It is unlikely that even all Gauls used it since, both Pliny and Strabo write of many using millet, a grain which does not leaven well, if at all, and so could barely have produced bread, much less light bread. Still, Pliny mentions their spelt, which is a form of bread wheat and the Romans greatly increased the use of bread wheat (triticum aestivum) in the region. Either of these would have produced a lighter bread when leavened with yeast.
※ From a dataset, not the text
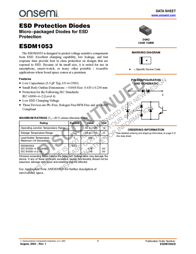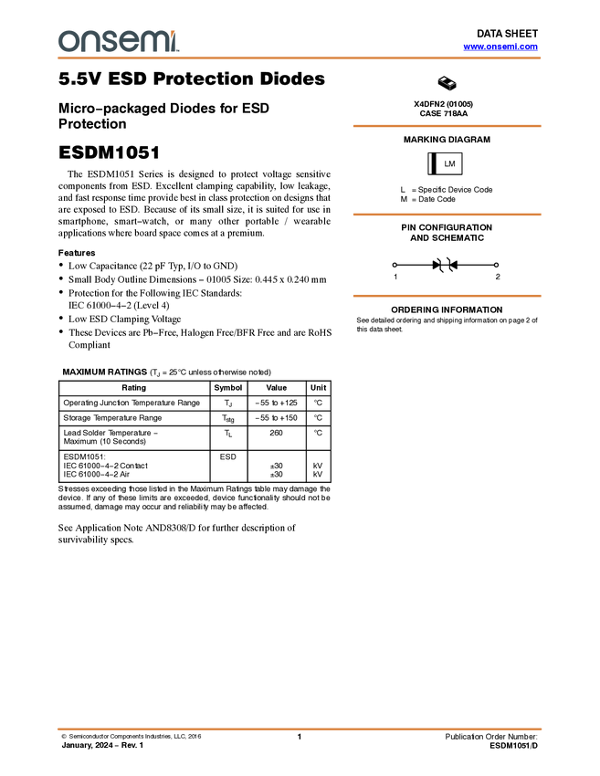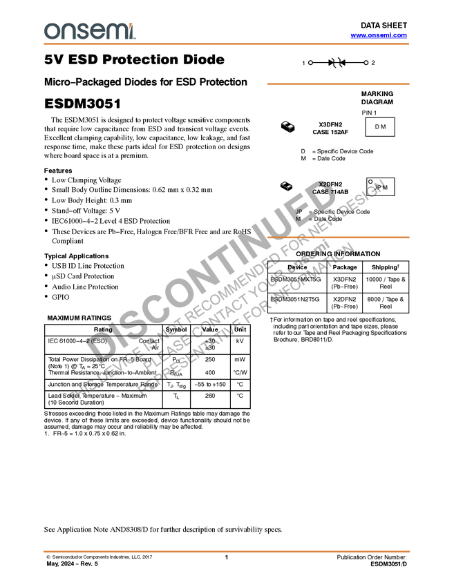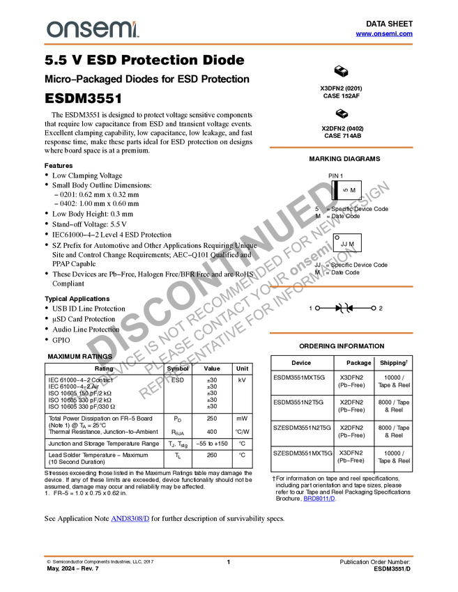 5.5 V Bidirectional micro−packaged ESD Protection Diode

As it happens, Pliny lists the Roman methods for leavening bread, one of which involved millet, which, if kneaded with must, could be kept for a year; the same was true of wheat-bran. "When required for making bread, these cakes are first soaked in water, and then boiled with the finest spelt flour; and it is generally thought that this is the best method for making bread." He describes another made with barley and water, before going on:

At the present day, however, the leaven is prepared from the meal that is used for making the bread. For this purpose, some of the meal is kneaded before adding the salt, and is then boiled to the consistency of porridge, and left till it begins to turn sour. In most cases, however, they do not warm it at all, but only make use of a little of the dough that has been kept from the day before.

In other words, the Romans used sourdough to leaven their bread. Leaving one to wonder why, if they knew that bread from Gaul and Spain was lighter, did they not make at least some bread with the same method? This is all the more striking given the Roman love of luxury and variety.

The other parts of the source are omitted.